= Russell Arch =

American director, writer and animator

Russell Richard Arch is an American director, writer and animator who lives in Los Angeles, USA.

He has worked extensively in hidden camera, and is currently the executive producer and showrunner of TruTV's The Carbonaro Effect, having worked on the show since its pilot episode. In addition, he wrote and directed on both seasons of NBC's Betty White's Off Their Rockers.

He is also an editor, having cut segments for most shows he's worked on. In 2013, he edited segments, and created the initial episode, of Howie Mandel's TBS hidden-camera prank series Deal with It.
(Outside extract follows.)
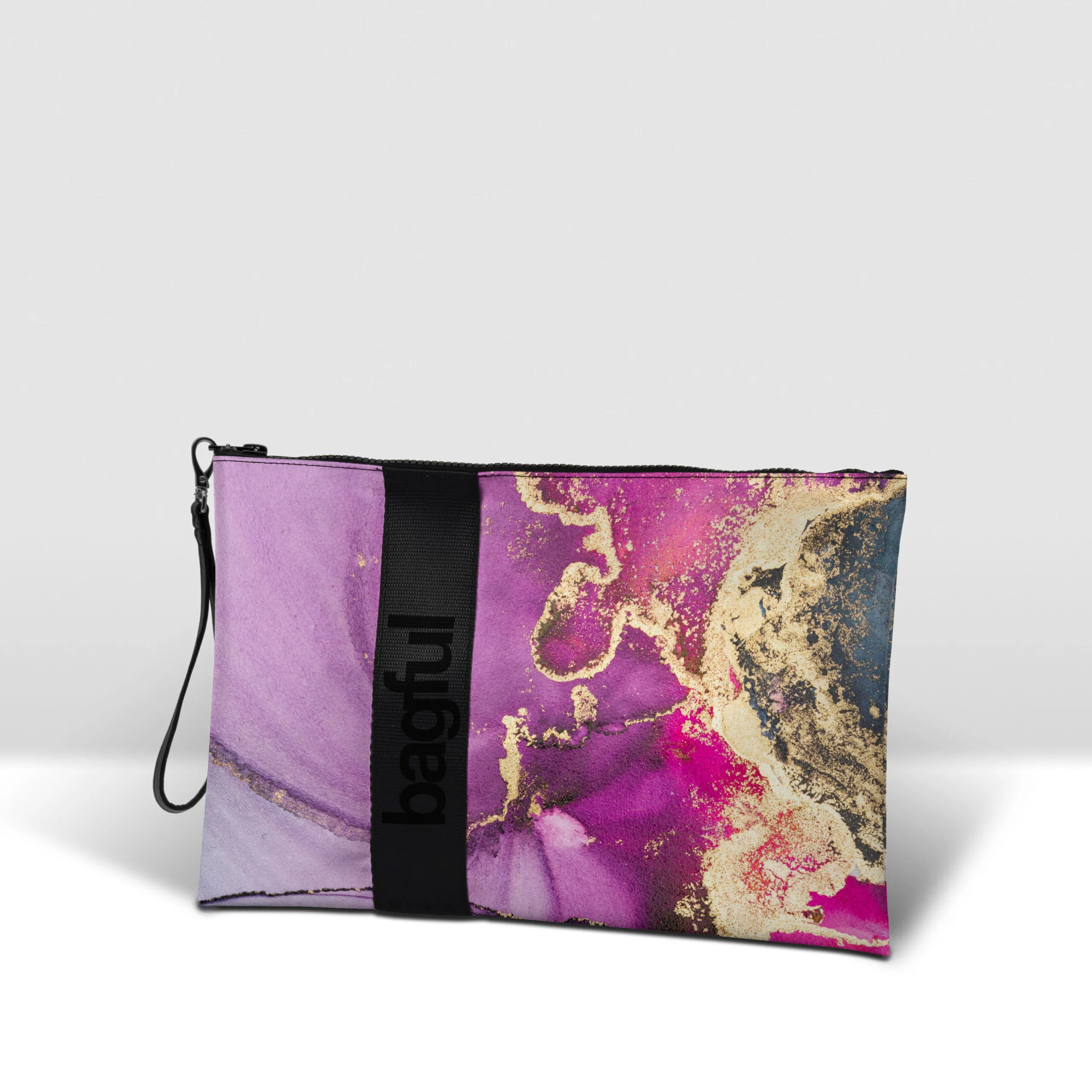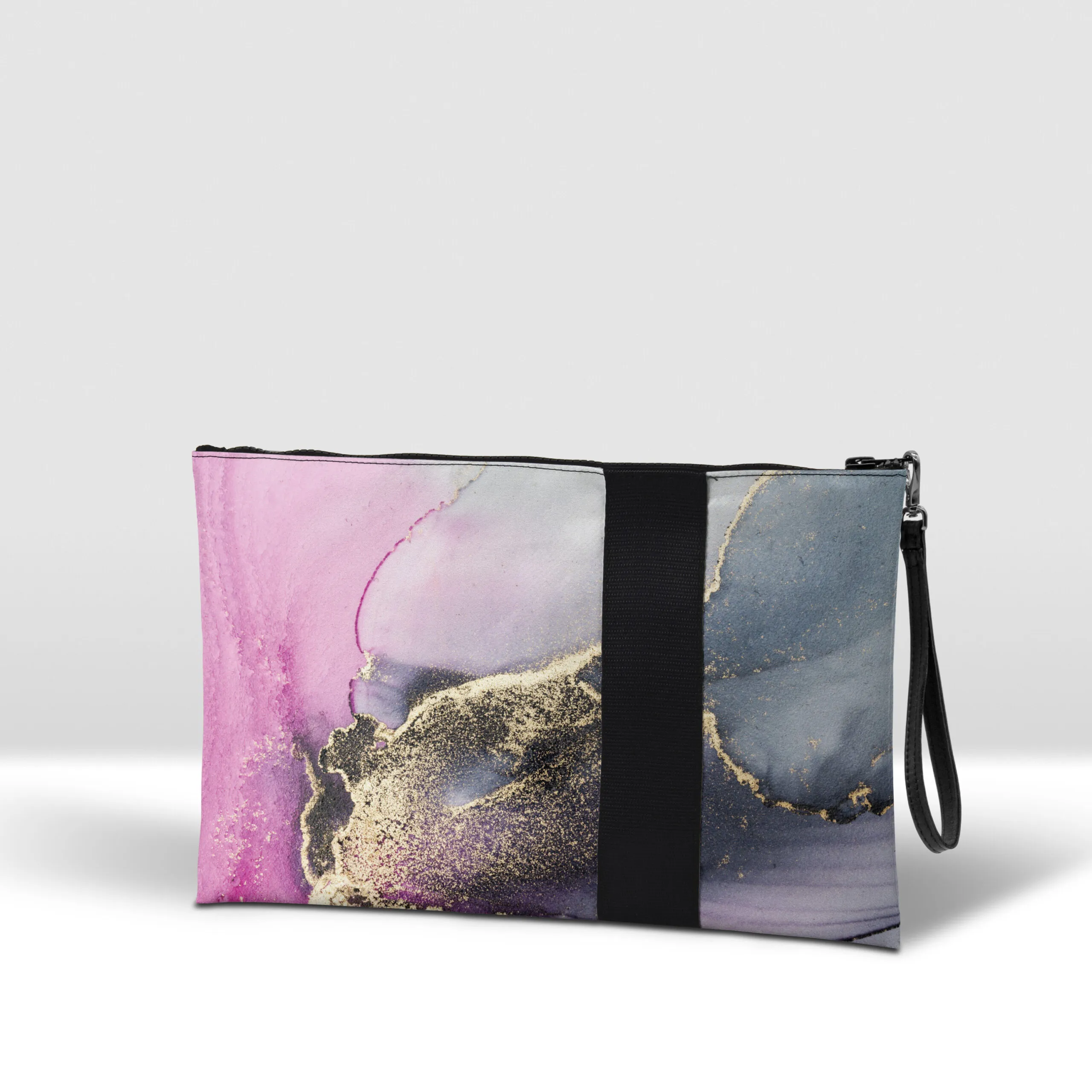 Pochette in banner PVC 560, stampato, con zip pressofusa.

In 2012, he broke episode stories for the BBC3 black comedy Way To Go, and wrote episode #4.

He co-created, wrote, edited and directed all 26 episodes of Anytime with Bob Kushell, a five-minute talk show (produced for Sony Pictures Television) that also shot in Arch's garage-studio.

He created The Toodles, a scripted comedy about a rock band turned "Wiggles" type band and sold it to VH-1. Arch created The Pat Kilbane Show out of his home office, and eventually sold the project to Comedy Central. He also co-created the pilot "Harsh Reality" with Kevin Healey and Scott Hallock (Scare Tactics).

His animations have been seen on MTV, VH-1, CBS, Fox, and even won him a Promax Award for his FOX "Little J.T." Christmas campaign.

He has also directed numerous promotional campaigns for TV Networks. These include greenscreen segments with Dan Whitney Larry the Cable Guy in a series of promos for Blue Collar TV, in which Larry was "cut into" existing scenes from One Tree Hill, Smallville, and Gilmore Girls.

He is married to actress Lisa Arch, with whom he has a son, Garrett Mitchell Arch, who was born on September 18, 2007.